From what I understand, my mother (as a result of our shared brain chemistry) had severe postpartum depression. So intense, that she and my father had been advised not to leave us alone together until I was 6 moths old. I've been told, and have come to imagine, that during this interim I spent more time in the arms of my second mother, Gran.


My grandmother, Celine Adam, cloaked me in her name. She, a Scottish immigrant by marriage, left her sleepy Scottish hometown to marry an American soldier stationed there, Paul Reedy, my grandfather. Gran took me to her hometown of Dunoon when I was 16 and, judging by the fondness she retained for it, I don't know if she'd have left had she been privy to the life leaving would lead her to.
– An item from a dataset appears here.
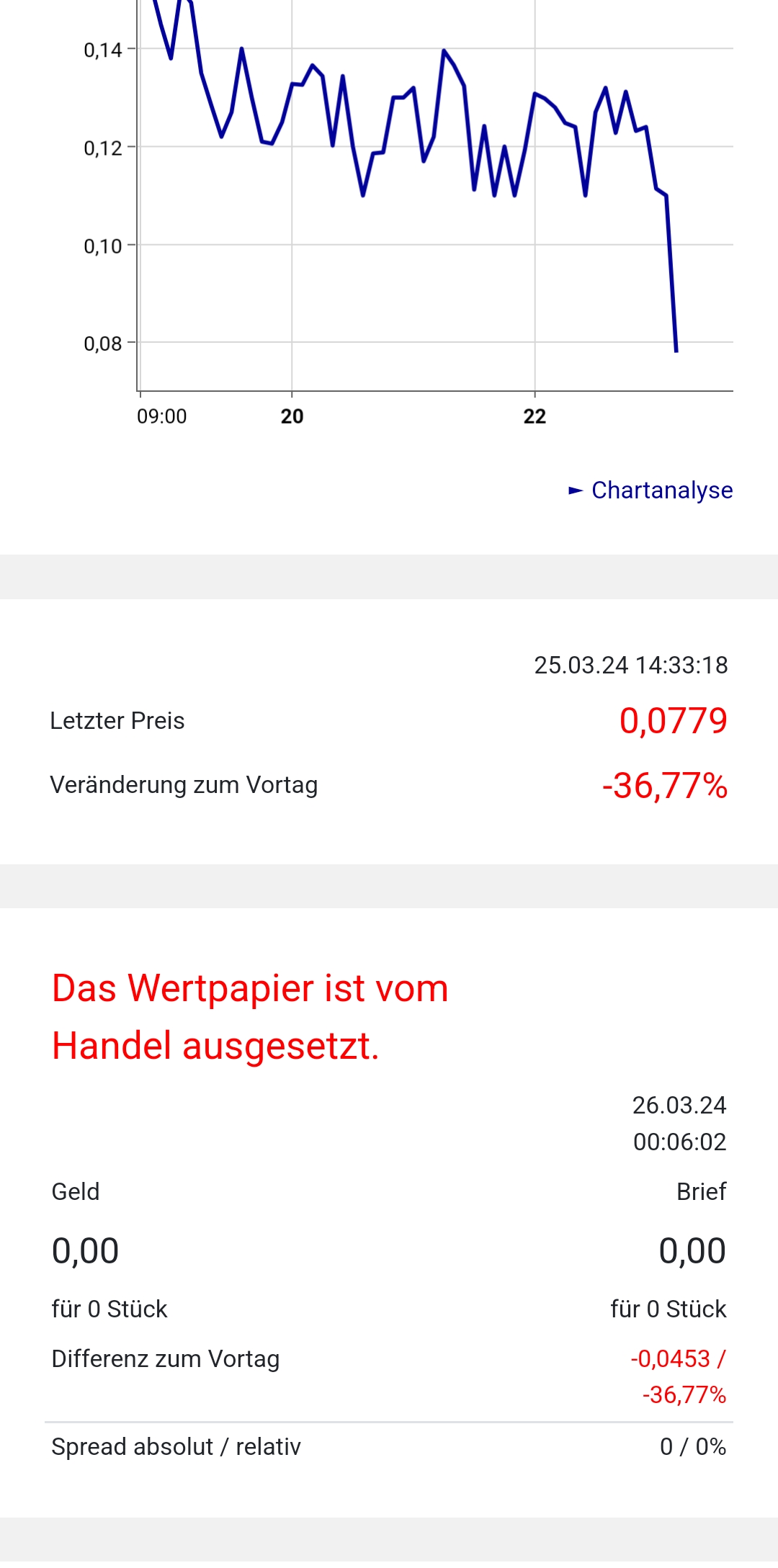 Was nicht mehr handelbar ist, kann nicht mehr tiefer gehen. Logisch? So sehe ich das jedenfalls. OTC vielleicht - viel Spaß beim Abzocken lassen.

I think, if given the choice tomorrow, she’d take borrowed time with her family over the gilded American Dream.


The bench dedication dissolved tension in my soft pallet. A piece of myself I’d apparently been clenching.
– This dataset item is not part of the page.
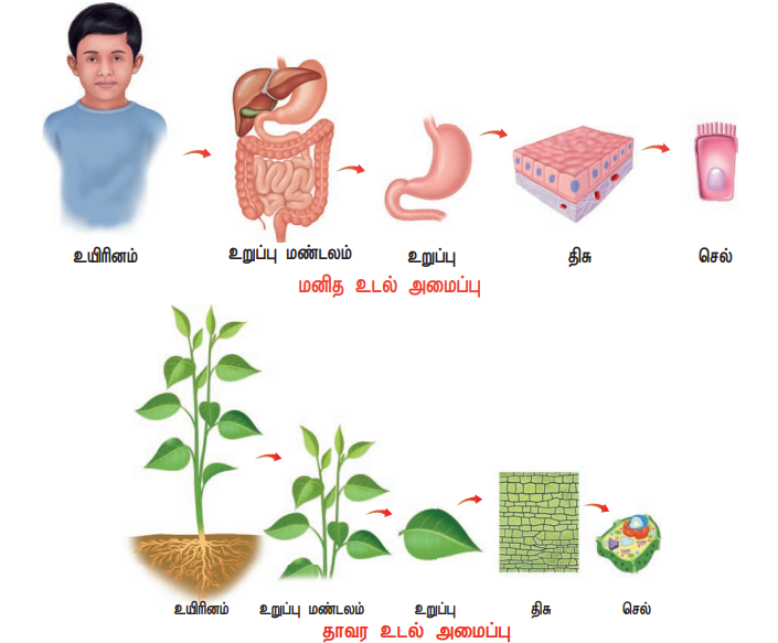 பல செல்கள் ஒன்றாகச் சேர்ந்து திசுவை உருவாக்க, வெவ்வேறு திசுக்கள் ஒன்றாகச் சேர்ந்து உறுப்பை உருவாக்க, வெவ்வேறு உறுப்புக்கள் ஒன்றாகச் சேர்ந்து உறுப்பு மண்டலத்தை உருவாக்க, உறுப்பு மண்டலம் உயிரினத்தின் பல்வேறு பணிகளை மேற்கொள்கிறது.

I am ashamed of how broke I am. I know there is significant scientific evidence to support that my mismanagement of money, impulsivity, and lack of foresight is connected to the chemical reactions within the organ responsible for these functions. I also understand that being reared by a woman with an almost identical deficit has resulted in a myriad of formative experiences that would exacerbate the worst of my neurodivergence.


The part of myself that loves unconditionally — the part I think we’re all borrowing from God — can say with moderate conviction that I, for the most part, continue to do my best. However, a burden is still a burden and I’m altogether sick of being one.


I secured my entrance into New York City real estate with privilege. I thought I’d been given the keys to the castle: keys I could use to generate capital to bring vital cultural stories to fruition.


I’ve always wanted to change the world this way, with stories. Unattached to whose they were but delighted when given the opportunity to be seen in sharing my own.


My grandmother turns 80 tomorrow, my other grandmother turns 90 in June and I just missed the FIRST Birthday of a second cousin named Greta. I don’t like planning trips because I can’t afford them. I’m paranoid that the moment I’m anywhere but New York City, will be the moment New York City will suddenly show up to take me anywhere.

I want to savor my family but it feels like the more allowances I take to do that, the more burdensome I ultimately become.


My deal with the devil was New York City real estate. An agreement I thought would lead to an ability to take care of not only myself but everyone around me. A contract that would ensure my role in materializing experiences that would help us (as much as we could) understand one another. That would give me the freedom and autonomy to savor every candle on a birthday cake — mine or otherwise.


“I arise in the morning, torn between a desire to save the world and a desire to savor the world. That makes it very difficult to plan the day.”